Nihon Mika-en House Project Spring 2001

Social Studies, Researching, Language Arts and Technology

Houses speak volumes about the climate, the culture and the people who lived within their walls for those who know how to listen. The second field trip of the 4th Grade Bunka month was a trip to Nihon Minka-en. This open air Japanese folk house museum is filled with transplanted pre-Meiji era buildings from mostly the Kanto Plain area. All the classes were sub- divided up into small groups under the watchful eye of a parent chaperone. Each group was given a specific house to report about according to its original location, building materials, interior, furnishings and tools; and grounds. 4-F and 4-C, who were involved in a Tokaido Road simulation together, went by clan to do the reports and write the opening paragraphs of their Japanese mystery stories, which made use of their assigned buildings as the setting. Please click on the pictures to see the 4-F reflections on what they saw.

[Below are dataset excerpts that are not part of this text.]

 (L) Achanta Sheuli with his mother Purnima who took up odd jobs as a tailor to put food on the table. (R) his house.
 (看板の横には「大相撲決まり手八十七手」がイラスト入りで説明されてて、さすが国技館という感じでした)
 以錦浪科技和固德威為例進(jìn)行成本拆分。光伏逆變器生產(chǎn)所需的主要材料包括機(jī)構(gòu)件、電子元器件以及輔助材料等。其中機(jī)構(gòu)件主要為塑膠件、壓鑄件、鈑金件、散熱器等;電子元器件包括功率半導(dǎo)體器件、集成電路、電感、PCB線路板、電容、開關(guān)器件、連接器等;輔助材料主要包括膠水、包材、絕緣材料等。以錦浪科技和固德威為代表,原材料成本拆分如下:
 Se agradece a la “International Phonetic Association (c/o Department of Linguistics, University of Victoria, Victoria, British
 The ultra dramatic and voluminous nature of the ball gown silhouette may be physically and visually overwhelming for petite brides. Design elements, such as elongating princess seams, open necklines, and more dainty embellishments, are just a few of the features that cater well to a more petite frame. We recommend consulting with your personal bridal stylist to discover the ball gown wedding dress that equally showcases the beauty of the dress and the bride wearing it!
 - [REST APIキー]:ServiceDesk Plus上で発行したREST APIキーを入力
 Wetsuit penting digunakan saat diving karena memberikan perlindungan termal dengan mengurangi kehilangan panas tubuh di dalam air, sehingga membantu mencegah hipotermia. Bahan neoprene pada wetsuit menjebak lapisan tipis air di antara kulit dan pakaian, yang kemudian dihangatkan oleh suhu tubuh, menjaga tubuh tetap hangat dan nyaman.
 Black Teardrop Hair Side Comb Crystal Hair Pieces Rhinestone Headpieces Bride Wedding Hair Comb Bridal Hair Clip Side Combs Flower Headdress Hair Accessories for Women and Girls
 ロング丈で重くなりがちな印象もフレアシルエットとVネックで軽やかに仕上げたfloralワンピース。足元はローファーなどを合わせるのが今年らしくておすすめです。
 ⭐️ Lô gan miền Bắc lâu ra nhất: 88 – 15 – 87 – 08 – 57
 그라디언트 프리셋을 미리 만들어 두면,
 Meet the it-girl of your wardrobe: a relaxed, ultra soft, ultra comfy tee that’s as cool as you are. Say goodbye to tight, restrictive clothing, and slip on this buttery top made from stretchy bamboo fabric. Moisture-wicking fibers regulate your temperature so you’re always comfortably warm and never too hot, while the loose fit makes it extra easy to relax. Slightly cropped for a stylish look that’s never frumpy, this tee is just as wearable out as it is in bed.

Our Material World Project 1997

Social Studies, Researching, Language Arts and Technology

How do seven and eight year old international students view their world? Are these views shared by thirteen year olds in the same school? Will a second grade student see how habitats in Japan, Bosnia and Mali affect the people who live in them? Can an eight year old construct a robust hypermedia stack from start to finish? For answers to these questions, and more, come explore 2F's and 8-H's second year of a multi-age project based on the CD-ROM The Material World.  

 

 

The William Stafford Poem Project 1996

Language Arts and Technology

Reading a poem, and then making it your own, is the heart of this web project generated by my second grade class at the American School in Japan in the spring of 1996. Within the context of our integrated study of sound, the class read William Stafford's picture book The Animal that Drank Up Sound. So that the students could better understand, and assimilate Stafford's poem, the class discussed the poem page by page and then translated it into "kid language". Each page of the ensuing web project was constructed by each student using a stanza from Stafford's poem. Per page, the original stanza is on the right and the students translation on the left with the students original piece of artwork at the top. Each child made their own page along with links to the connecting pages using Front Pad and Kid Pics.